Air-Gapped Installation of Apache Spark on Kubernetes
Below is a step‐by‐step guide to installing ilum in an offline (air‐gapped) environment. This guide is written to be agnostic to your Kubernetes distribution and covers both approaches for managing container images—using containerd (with the ctr tool) or Docker. The instructions assume that you have:
- An Internet-connected workstation to download the required Helm chart and container images.

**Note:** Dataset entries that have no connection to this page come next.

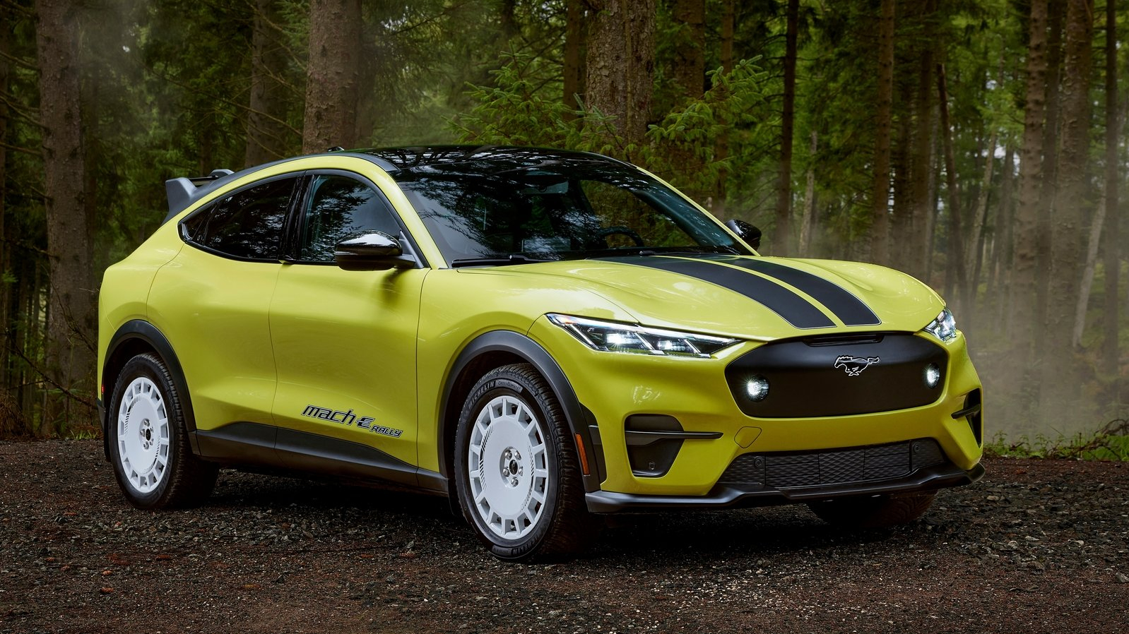 Ford engineers built a dedicated rally course at their Michigan proving grounds specifically for the development of this new Mach-E variant. MagneRide shocks, specially-tuned springs, an 0.8 inch lift, and RallySport drive mode are among the list of off-road focused kit. Additional shielding around the front and rear electric motors will help protect from drivetrain damage, and unlike the regular Mach-E, the Rally adds a front recovery point.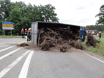 Ein LKW war beim Abbiegen von der Staatstraße 2225 Hilpoltstein - Unterrödel an der Pyraser Kreuzung umgefallen und blieb seitlich auf der RH24, Richtung Pyras liegen. Der Fahrer konnte sich bereits aus seinem Führerhaus leicht verletzt retten und wurde vom BRK versorgt.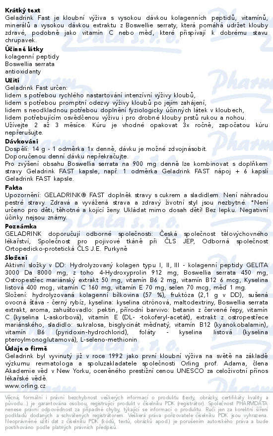 Geladrink Fast je kloubní výživa s vysokou dávkou kolagenních peptidů, vitamínů, minerálů a vysokou dávkou extraktu z Boswellie serraty, která pomáhá udržet klouby zdravé, podobně jako vitamín C nebo měď, které přispívají k dobrému stavu chrupavek.

- A method (such as a USB drive or internal file server) to transfer files from the online workstation to your offline environment.
- A working Kubernetes cluster (any distribution) in your offline environment.

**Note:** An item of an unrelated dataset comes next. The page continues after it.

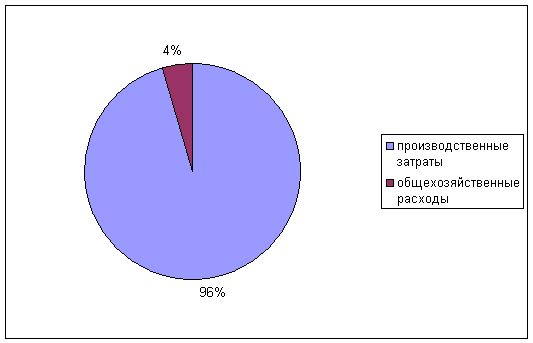 Рис. 20. Доля производственных и общехозяйственных расходов в общем объеме затрат за апрель 2004г.

- Helm installed and configured to connect to your offline cluster.
- Sufficient Disk Space: At least 60GB free on both the download and offline machines (for handling large image tarballs).

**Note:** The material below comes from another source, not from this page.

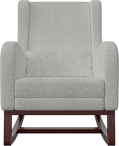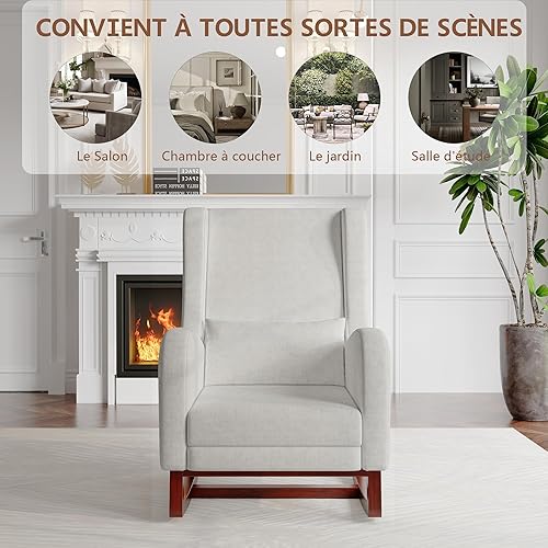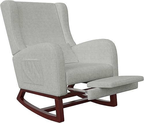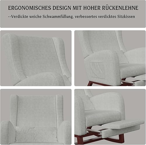 KeepGoon Fauteuil à bascule avec repose-pieds, pieds antidérapants en bois massif, coton et lin, chaise à bascule, fauteuil à bascule, chaise de relaxation (gris)

- Recommended Resources: 12 CPU and 18GB RAM (or more depending on workload).
Architecture Overview: Spark on Kubernetes in Air-Gapped Environments
When deploying Apache Spark on Kubernetes in an air-gapped environment, the driver and executor processes run as containerized processes 100% managed within infrastructure devoid of public connectivity. All container images and dependencies, along with configuration files, are hosted internally and do not need external network access.
In this environment, we deploy Spark components as containerized applications on Kubernetes. Spark driver and executors operate as pods. Scheduling, resource allocation, and scaling are handled by Kubernetes. The setup uses native Kubernetes features like resource limits, Horizontal Pod Autoscaling, and node selectors for smooth and reliable functioning. For general details on how Ilum manages these resources, see the Architecture Overview.
A local image registry is a key part of this architecture. Instead of manually loading images on every node, you push them into a registry within your infrastructure. Whether using a basic deployment with registry:2 or a robust solution like Harbor, the registry must be backed by persistent storage to retain images after restarts. Once images are in the registry, individual nodes can pull them on demand.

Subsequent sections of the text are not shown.